P21Waf1/Cip1/Sdi1 and p53 expression in association with DNA strand breaks in idiopathic pulmonary fibrosis
K Kuwano, R Kunitake, M Kawasaki, Y Nomoto, N Hagimoto, Y Nakanishi and N Hara
Research Institute for Diseases of the Chest, Faculty of Medicine, Kyushu University, Higashiku, Fukuoka, Japan.

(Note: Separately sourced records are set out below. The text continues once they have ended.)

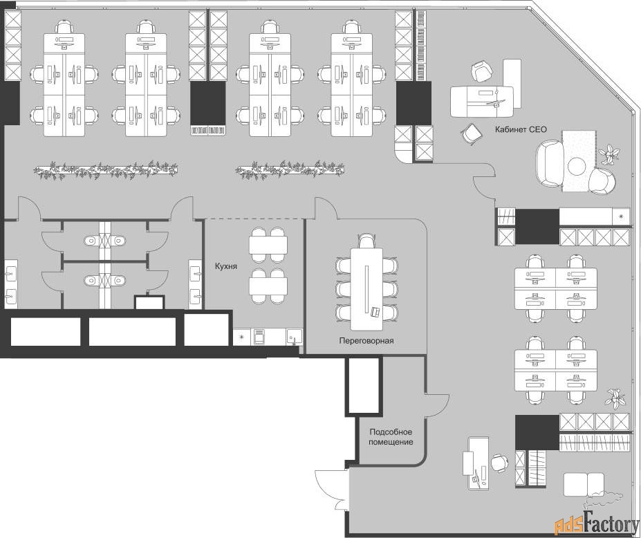 - Пространства без колонн в углах, идеально подходят для руководителей и современных команд.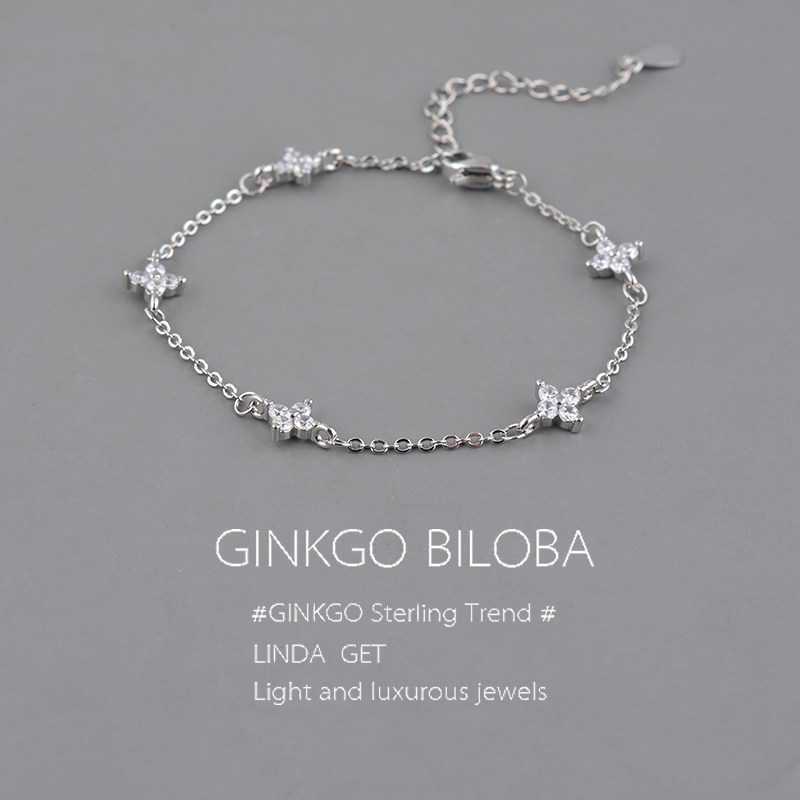 925纯银轻奢风四叶草锆石手链百搭简约气质不掉色满天星手串刻字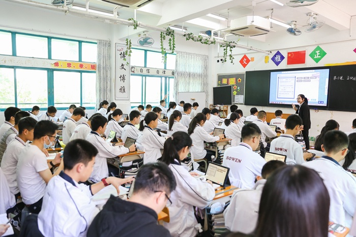 初中部安排了下午第一節(jié)課語、數(shù)、英、史、生五個學(xué)科的公開課。上課教師依托平板開展智慧課堂高效教學(xué),為來訪教師呈現(xiàn)了五堂別具一格、生動高效的觀摩課。課堂上精彩紛呈,學(xué)生們收獲滿滿,聽課教師受益匪淺。聽課結(jié)束后,各位教師來到交流室,就智慧課堂如何利用平板進行課前備課、課堂教學(xué)、課后服務(wù)等問題進行了討論交流。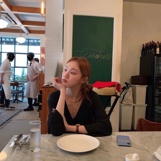 사진 속 이성경은 검은 브이넥 상의에 머리를 하나로 묶고 식당에 앉아있는 모습이다. 이성경은 여섯장의 사진에서 손을 이용한 여러가지 포즈를 취했다.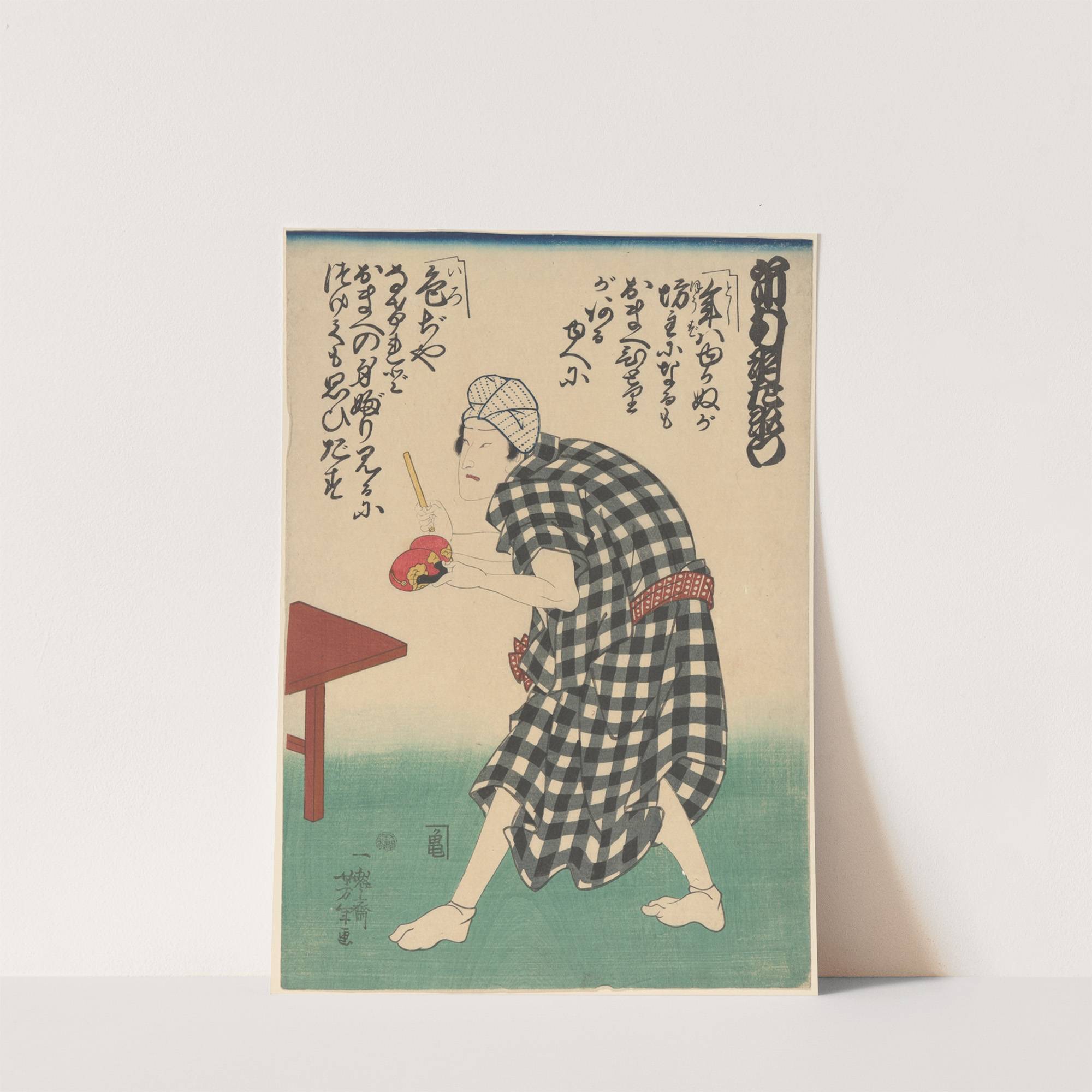 Figure in Checked Black and White Costume by Yoshikazu - Wall Art Print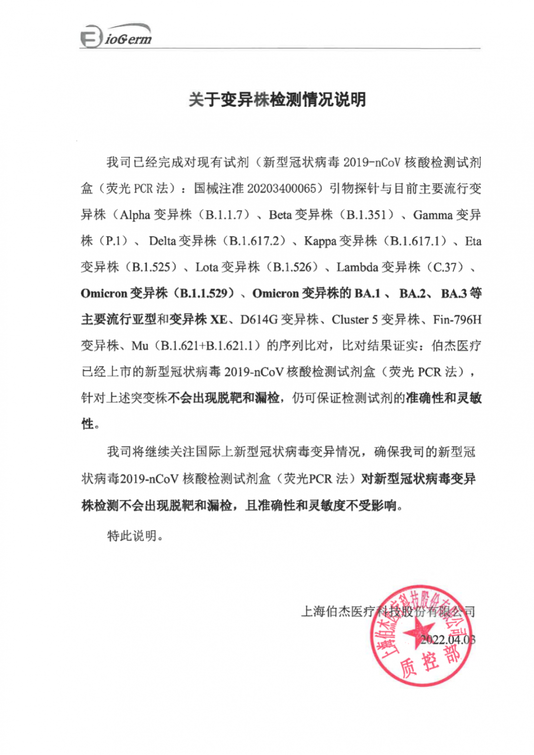 伯杰醫(yī)療已經(jīng)完成對現(xiàn)有試劑(新型冠狀病毒2019-nCoV核酸檢測試劑盒(熒光PCR法): 國械注準(zhǔn)20203400065)引物探針與目前主要流行變異株的序列對比,針對變異株XE內(nèi)等主流變異株不會(huì)出現(xiàn)脫靶和漏檢,仍可保證檢測試劑的準(zhǔn)確性和靈敏性。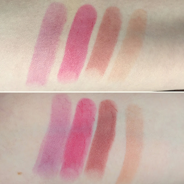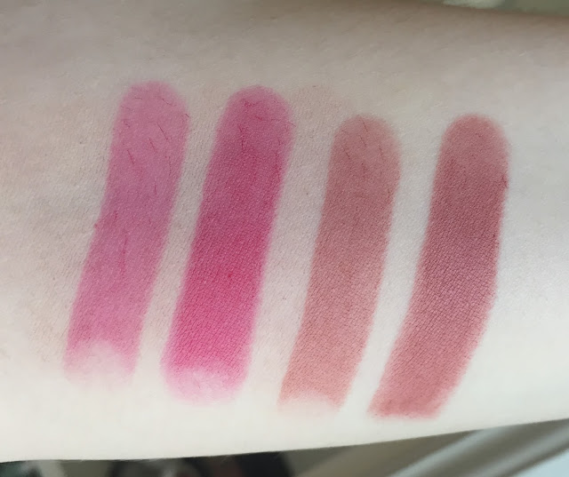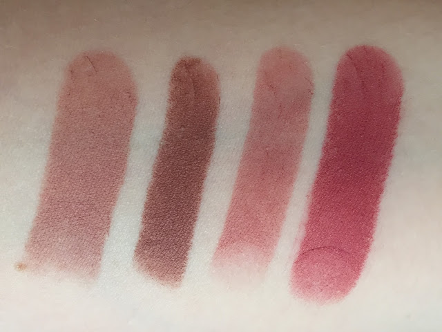 | L-R: Milani Matte Naked, MAC Whirl, Drip (1 layer), Revlon Matte Balm in Sultry. |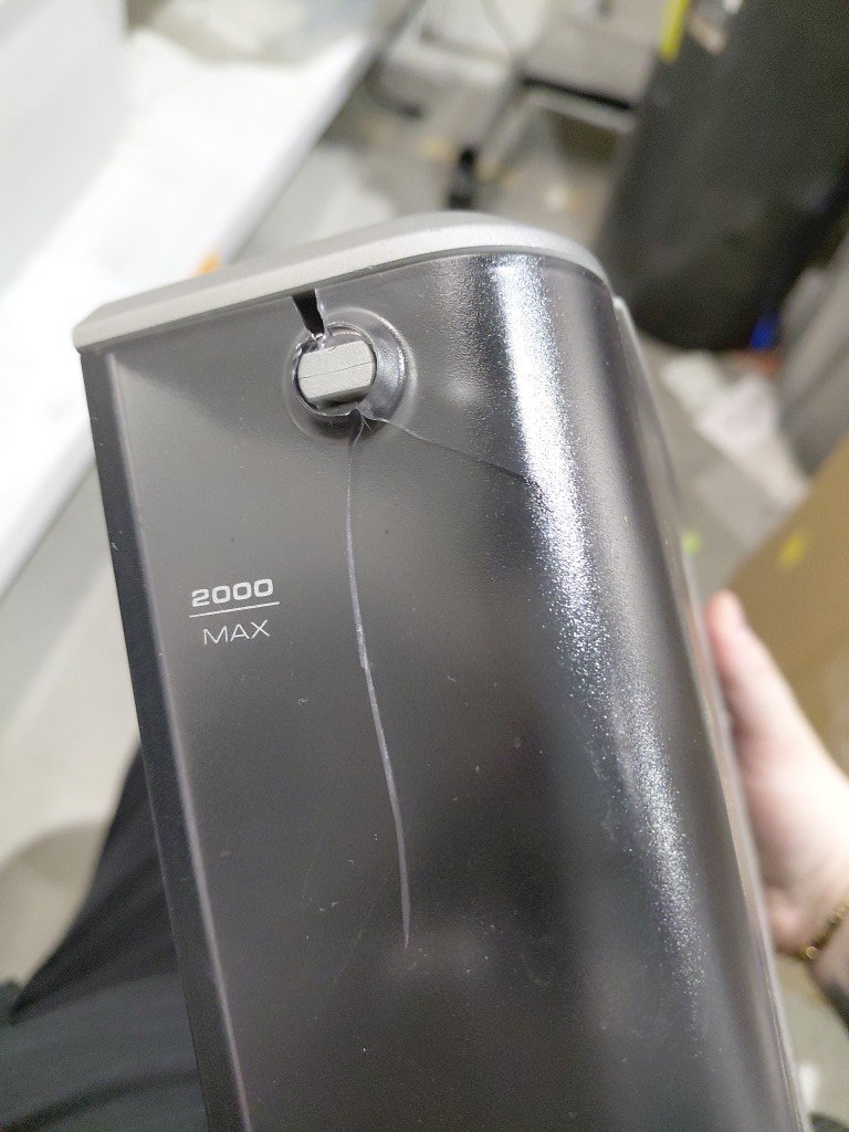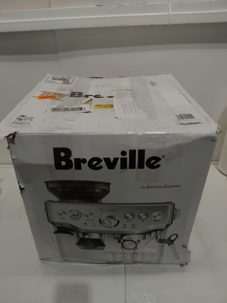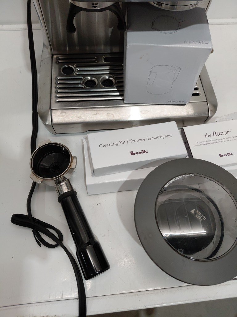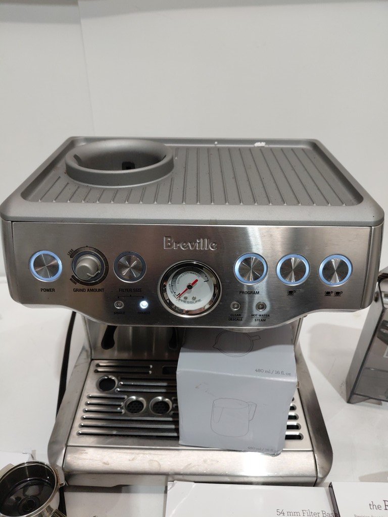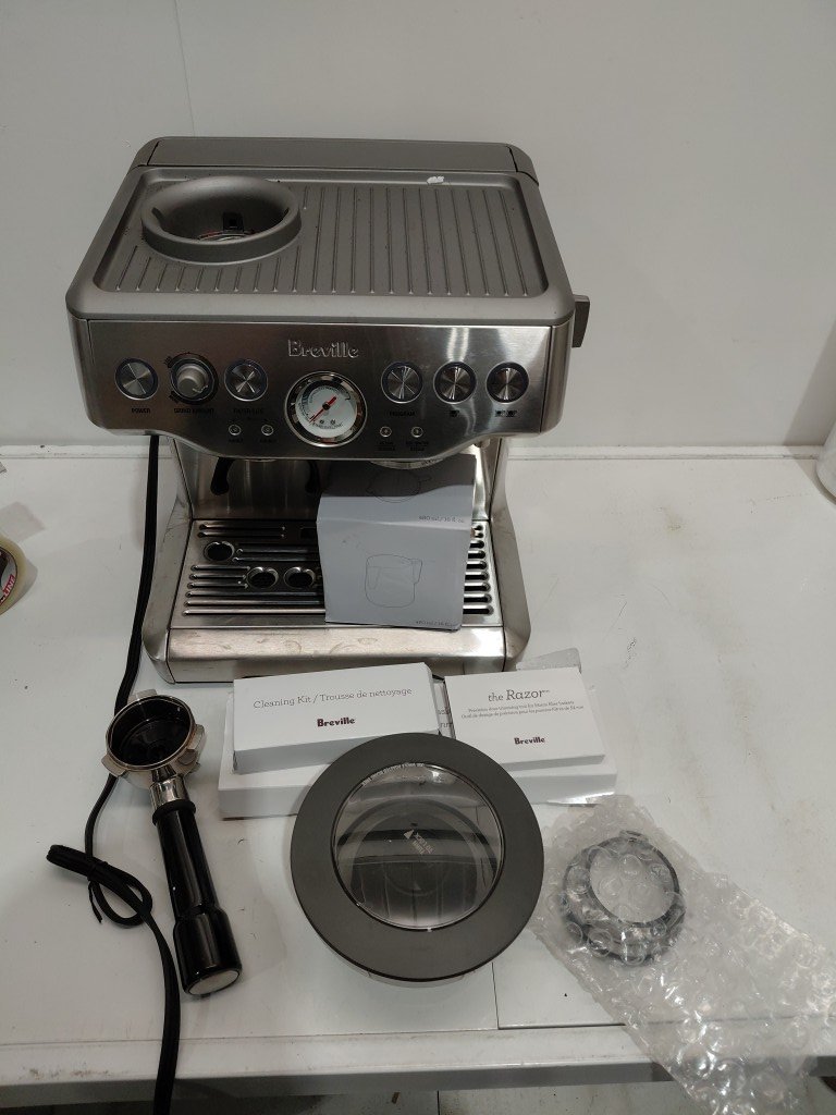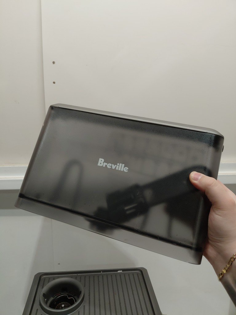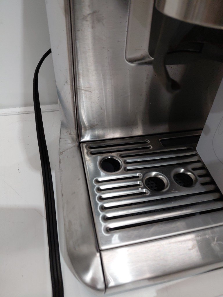 shows signs of previous use (coffee residue) has a crack in the water tank tested for power.

The tumor suppressor p53 protein is a transcription factor that plays a
central role in the cellular response to DNA damage, and it can cause
either G1 arrest or apoptosis. Recently, it was shown to induce the tumor
suppressor p21Waf1/Cip1/Sdi1 (p21), which inhibits cyclin-CDK complex
kinase activity. Although the etiology of idiopathic pulmonary fibrosis
(IPF) is still uncertain, it is postulated that IPF begins with an initial
inflammatory lesion localized to the alveolus and progresses on to chronic
inflammation with alveolitis. We examined whether p53 and p21 are
upregulated in association with chronic DNA damage in the bronchial and
alveolar epithelial cells in patients with IPF in an attempt to repair the
injury. We performed in situ detection of DNA strand breaks or apoptosis
(TUNEL) in the tissues as well as immunohistochemistry (IHC) for p53 and
p21. Positive signals by TUNEL were detected mainly in the bronchiolar and
alveolar epithelial cells in 10 of 14 lung specimens from patients with
IPF. On the other hand, no positive signal by TUNEL was detected in normal
lung parenchyma or in specimens of pulmonary emphysema. The IHC
demonstrated that p53 and p21 were expressed especially in hyperplastic
bronchial and alveolar epithelial cells of lung tissues from all patients
with IPF, except five specimens for p21. These results are consistent with
those obtained by TUNEL. In normal lung parenchyma and specimens of
pulmonary emphysema, p53 and p21 were not detected except in scattered
alveolar macrophages and in the epithelial cells within localized fibrotic
regions. These results suggest that p53 and p21 are upregulated in
association with chronic DNA damage, resulting in either G1 arrest or
apoptosis so that the DNA damage can be repaired in IPF. We speculate that
chronic DNA damage and repair may lead to mutation of the p53 gene and
tumorigenesis in IPF.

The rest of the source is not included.